**ABOUT THIS TASK**: Write out exactly, and only, the lines below from the line with "8月5日,在庄严而热烈的援藏" through the line with "Segundo o Dieese, a"; pictures do not belong in the copy.

::::::::

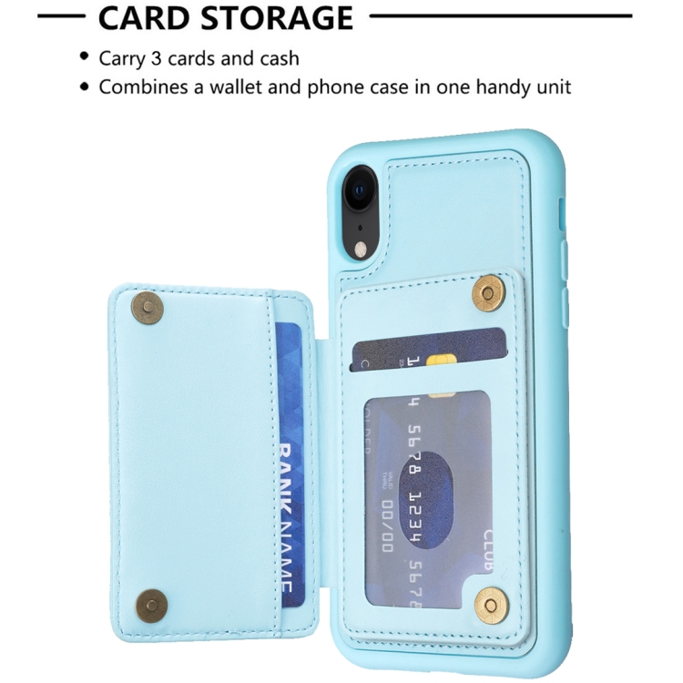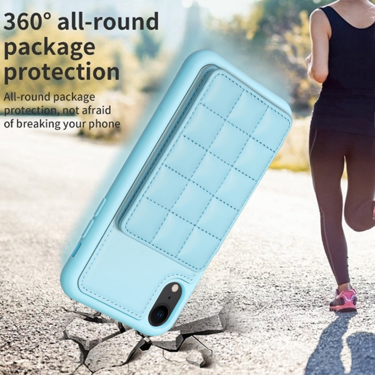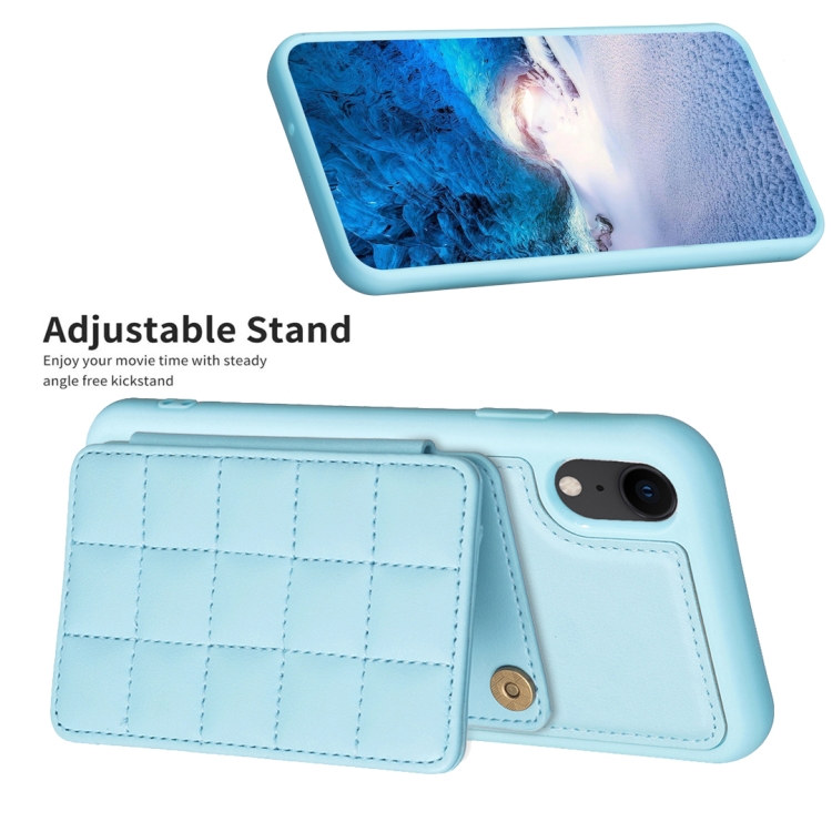 Funda para Teléfono iPhone Xr Grid Ranura para Tarjeta con Soporte (Azul)
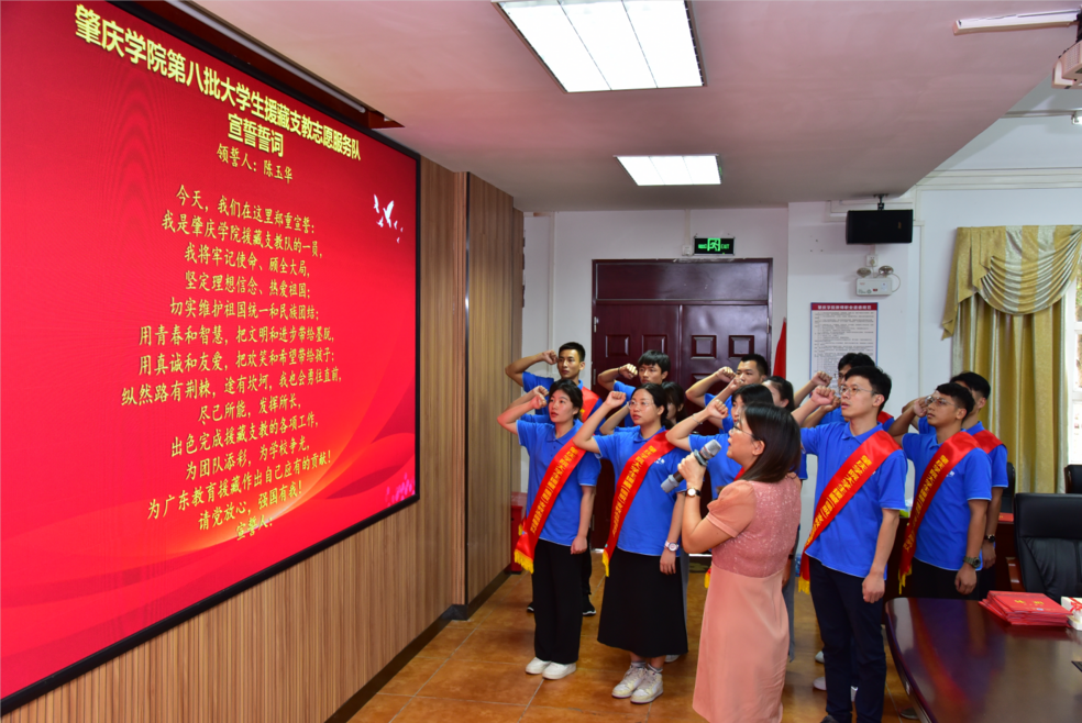 8月5日,在庄严而热烈的援藏支教出征仪式上,我校第八批大学生援藏支教服务队的14名师生作出郑重承诺。
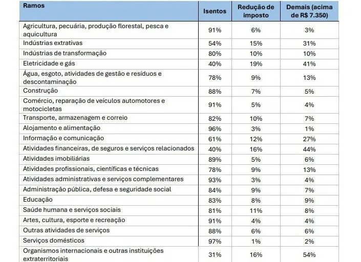 Segundo o Dieese, a maioria dos trabalhadores de setores com salários mais baixos ficou isenta do imposto. No setor de vestuário, cerca de 95% não pagam mais Imposto de Renda. Entre os comerciários, aproximadamente 8,5 milhões de pessoas, o equivalente a 91% da categoria, estão isentas.
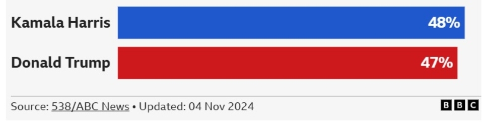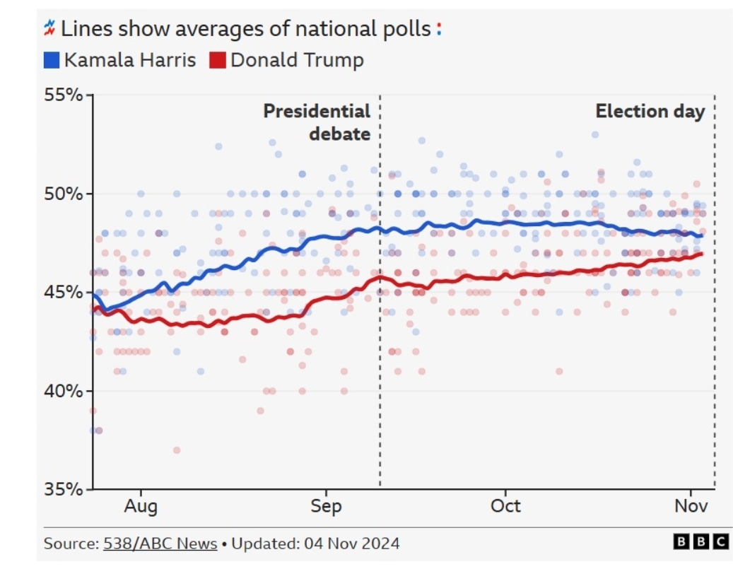 Sondazhet ishin relativisht të qëndrueshme edhe në shtator dhe në fillim të tetorit, por ato janë shtrënguar në dy javët e fundit, siç tregohet në grafikun e mëposhtëm, me linjat e trendit që tregojnë mesataret dhe pikat për rezultatet individuale të sondazheve për secilin kandidat. Momentalisht Harris është në avantazh shumë të lehtë përballë Trumpit.
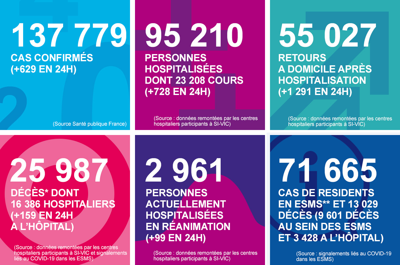 • En France, on dénombre 243 décès supplémentaires en 24 heures, soit 26.230 morts au total depuis le début de la pandémie.
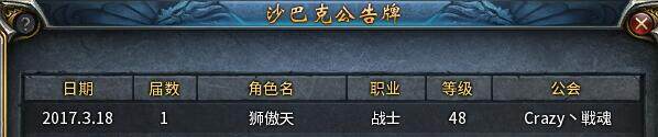 昨日,是《传奇永恒》四区(【倚天】、【屠龙】)、(【开天】、【玄天】)沙巴克攻城战的满月之日。2017年3月18日起到2017年4月17日首月沙巴克争霸战期间
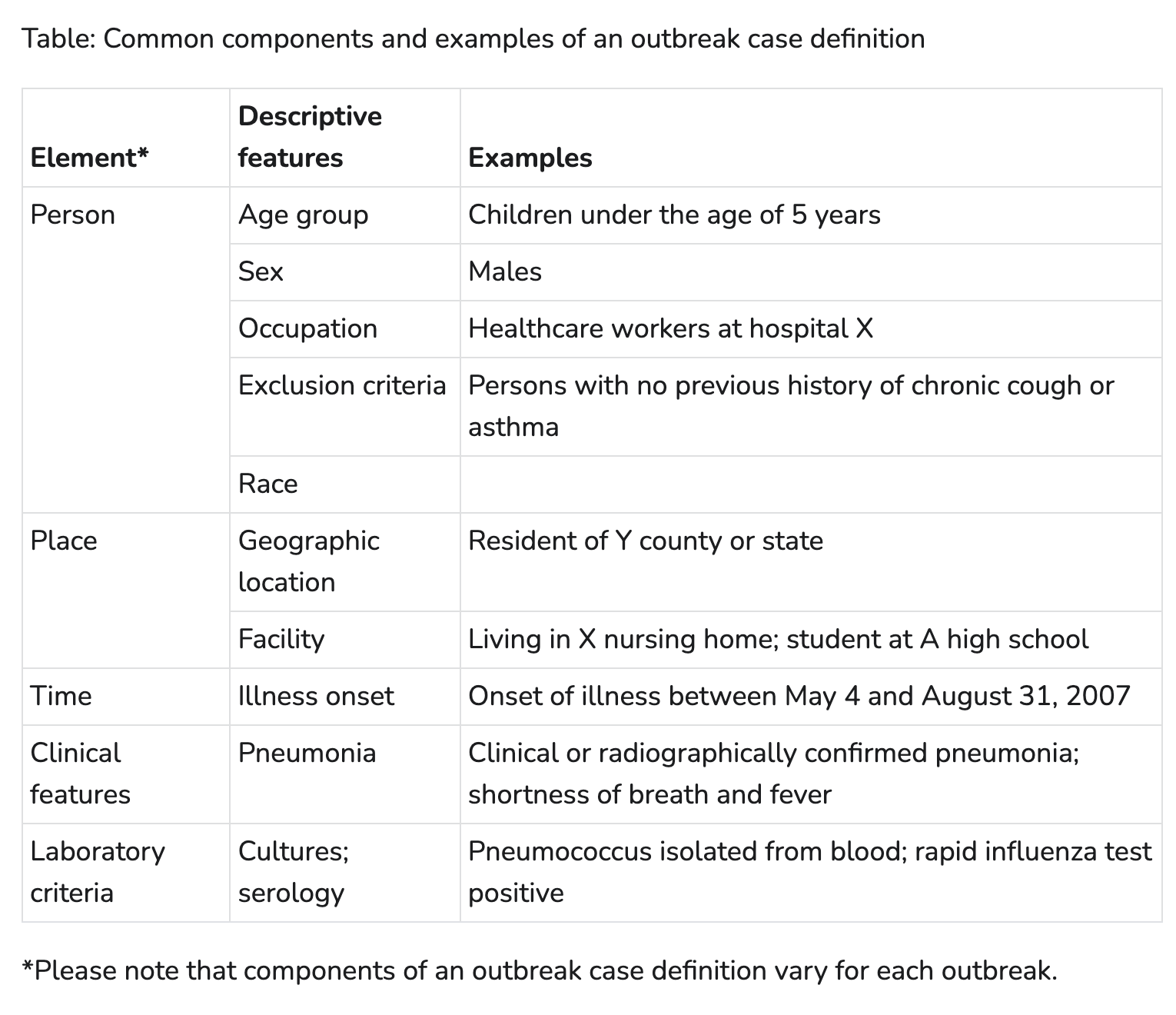 Case definitions are typically made up of a few parts - person, place, time, clinical, and laboratory criteria. Not every outbreak will have every aspect included, but this is pretty good start. The table below from the CDC’s Outbreak and Case Definition site gives some examples of how those elements can be applied.

::::::::

**WRITTEN RESPONSE**:
 8月5日,在庄严而热烈的援藏支教出征仪式上,我校第八批大学生援藏支教服务队的14名师生作出郑重承诺。
 Segundo o Dieese, a maioria dos trabalhadores de setores com salários mais baixos ficou isenta do imposto. No setor de vestuário, cerca de 95% não pagam mais Imposto de Renda. Entre os comerciários, aproximadamente 8,5 milhões de pessoas, o equivalente a 91% da categoria, estão isentas.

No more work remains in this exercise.